**Exercise inputs**:
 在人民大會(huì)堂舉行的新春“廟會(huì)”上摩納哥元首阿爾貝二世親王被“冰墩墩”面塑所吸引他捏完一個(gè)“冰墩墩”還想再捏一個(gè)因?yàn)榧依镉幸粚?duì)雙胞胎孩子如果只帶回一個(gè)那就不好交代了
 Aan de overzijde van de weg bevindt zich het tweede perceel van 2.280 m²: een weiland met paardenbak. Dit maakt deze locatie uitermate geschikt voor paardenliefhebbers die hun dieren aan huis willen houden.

==

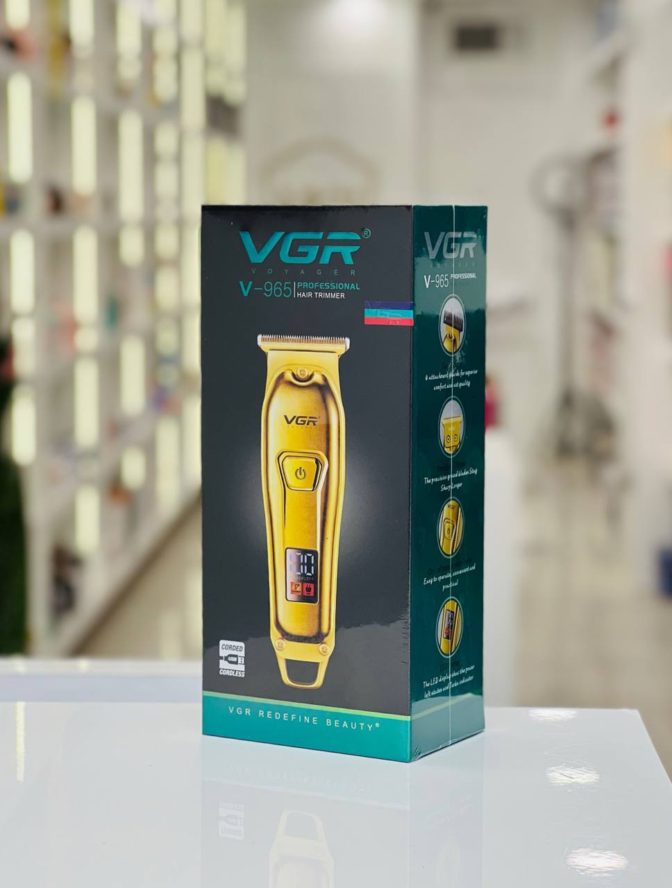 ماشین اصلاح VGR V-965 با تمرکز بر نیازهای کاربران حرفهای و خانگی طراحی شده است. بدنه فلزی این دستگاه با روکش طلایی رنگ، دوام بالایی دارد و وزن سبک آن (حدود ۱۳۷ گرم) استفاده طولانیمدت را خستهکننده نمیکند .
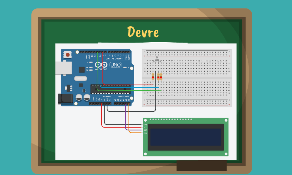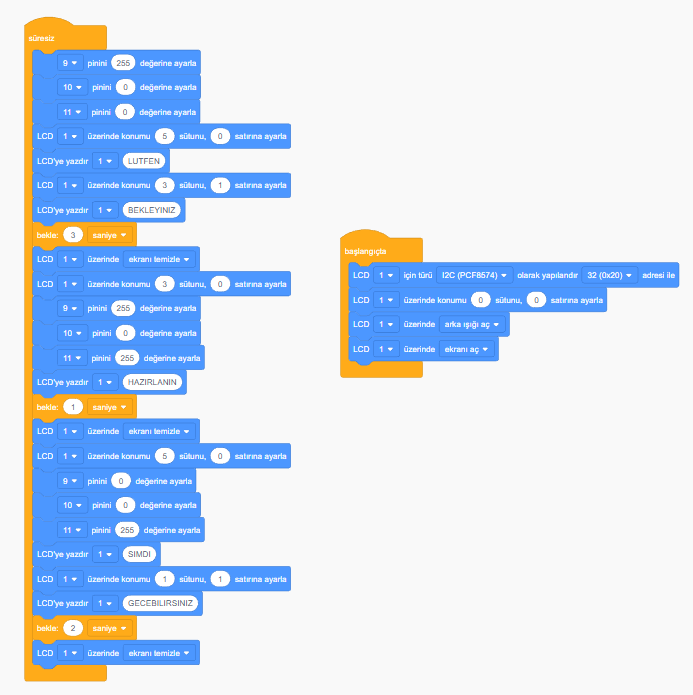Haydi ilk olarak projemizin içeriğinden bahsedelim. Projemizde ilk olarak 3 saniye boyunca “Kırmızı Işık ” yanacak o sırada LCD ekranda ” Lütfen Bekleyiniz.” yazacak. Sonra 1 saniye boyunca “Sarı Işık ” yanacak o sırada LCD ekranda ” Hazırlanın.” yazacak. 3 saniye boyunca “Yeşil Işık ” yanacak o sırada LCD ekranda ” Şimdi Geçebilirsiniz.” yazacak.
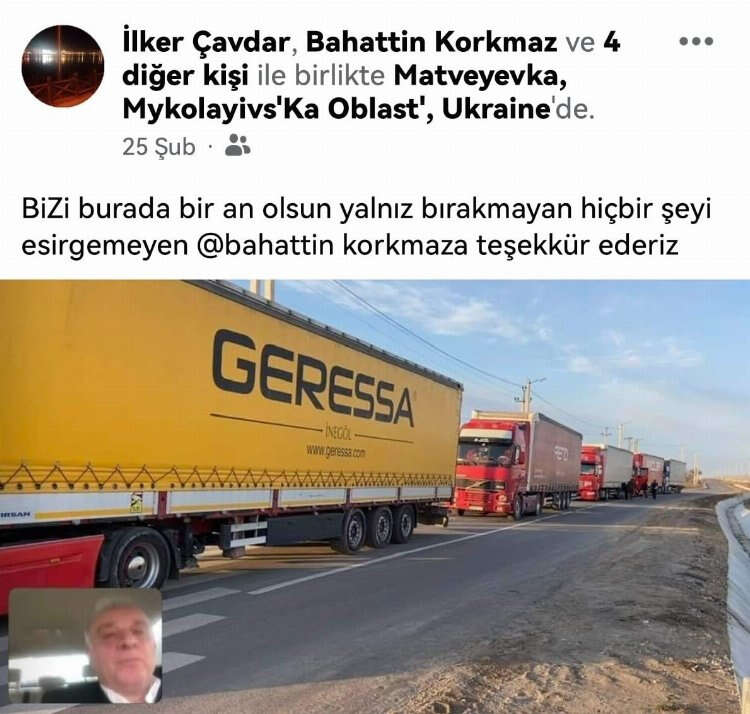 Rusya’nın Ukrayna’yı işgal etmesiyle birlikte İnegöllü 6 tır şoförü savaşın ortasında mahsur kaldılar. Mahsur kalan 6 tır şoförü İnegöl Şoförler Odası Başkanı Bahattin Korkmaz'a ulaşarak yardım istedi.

**What is needed**: In the material above, locate the line containing "在人民大會(huì)堂舉行的" and the line containing "Aan de overzijde". Transcribe exactly those two lines and every line between them, and nothing more.

**Exercise solution**:
 在人民大會(huì)堂舉行的新春“廟會(huì)”上摩納哥元首阿爾貝二世親王被“冰墩墩”面塑所吸引他捏完一個(gè)“冰墩墩”還想再捏一個(gè)因?yàn)榧依镉幸粚?duì)雙胞胎孩子如果只帶回一個(gè)那就不好交代了
 Aan de overzijde van de weg bevindt zich het tweede perceel van 2.280 m²: een weiland met paardenbak. Dit maakt deze locatie uitermate geschikt voor paardenliefhebbers die hun dieren aan huis willen houden.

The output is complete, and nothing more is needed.